SERAP Wants Court to Stop Buhari, Others from Shutting Down Telecoms

SERAP Wants Court to Stop Buhari, Others from Shutting Down Telecoms

Udora Orizu in Abuja

The Socio-Economic Rights and Accountability Project (SERAP) has filed a lawsuit asking the court for an order of perpetual injunction to restrain President Muhammadu Buhari and the Minister of Communication and Digital Economy, Isa Pantami from unlawfully shutting down telecommunication networks in any part of the country.

The Nigerian Commu-nications Commission (NCC) recently ordered telecom operators to suspend all telecommunications networks in some states, including Zamfara State, and at least 13 local government areas of Katsina State purportedly to check banditry/terrorism.

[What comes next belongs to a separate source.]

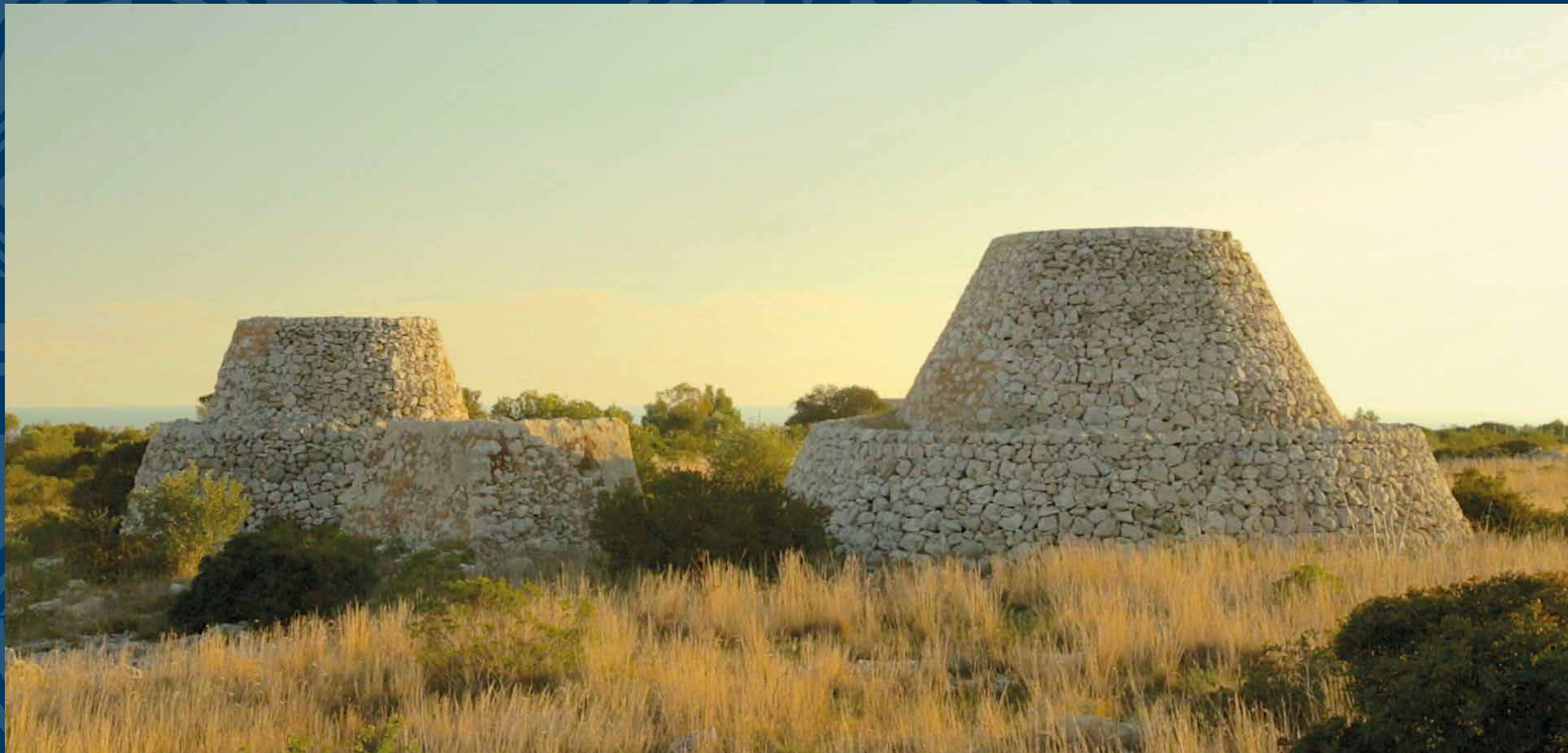
Coppia di "Pajare" nell'agro di Salve

However, in the suit with number FHC/ABJ/CS/1323/2021 filed at the Federal High Court, Abuja, SERAP asked the court to determine whether the shutting down of telecommunication networks in any part of Nigeria by the Buhari administration was unlawful, and a violation of the rights of access to correspondence, freedom of expression, information and the press.

The suit, which has been assigned to Justice Ahmed Mohammed at Court 4, was fixed for hearing on January 11, 2022.
SERAP argued that the Buhari administration had constitutional and international legal obligations to enable access to the internet for all, as access to the Internet is inextricably linked to the exercise of freedom of expression and information.

While agreeing that the authorities have a legal responsibility to protect, ensure and secure the rights to life and property,
SERAP however said any such responsibility ought to be discharged in conformity with constitutional and international human rights standards.

The suit filed on behalf of SERAP by its lawyers Kolawole Oluwadare and Kehinde Oyewumi, read in part: “Internet and telecommunication shutdowns amount to inherently disproportionate interference with the rights to freedom of expression and information.

“Necessity requires a showing that shutdowns would achieve their stated purpose, which in fact they often jeopardise. In their 2011 Joint Declaration on Freedom of Expression and the Internet, four special mandates on freedom of expression emphasised that cutting off access to the internet, or parts of the internet, for whole populations or segments of the public can never be justified, including on public order or national security grounds.

“Shutdowns generate a wide variety of harms to human rights, economic activity, public safety and emergency services that outweigh the purported benefits. Any shutdown has the potential to affect millions of internet and telecommunication users, and those on the margins of society are most impacted by it.

“The suspension of the internet and telecommunication networks in Zamfara and Katsina states, without any legal justification, is inconsistent with the principles of necessity and proportionality.

“The suspension is a form of collective punishment of Nigerians resident in these states. The imposition of any restrictions should be guided by the objective of facilitating the right, rather than seeking unnecessary and disproportionate limitations on it. Restrictions must not be discriminatory, impair the essence of the right, or be aimed at causing a chilling effect. Internet and telecommunication shutdowns fail to meet all of these conditions.”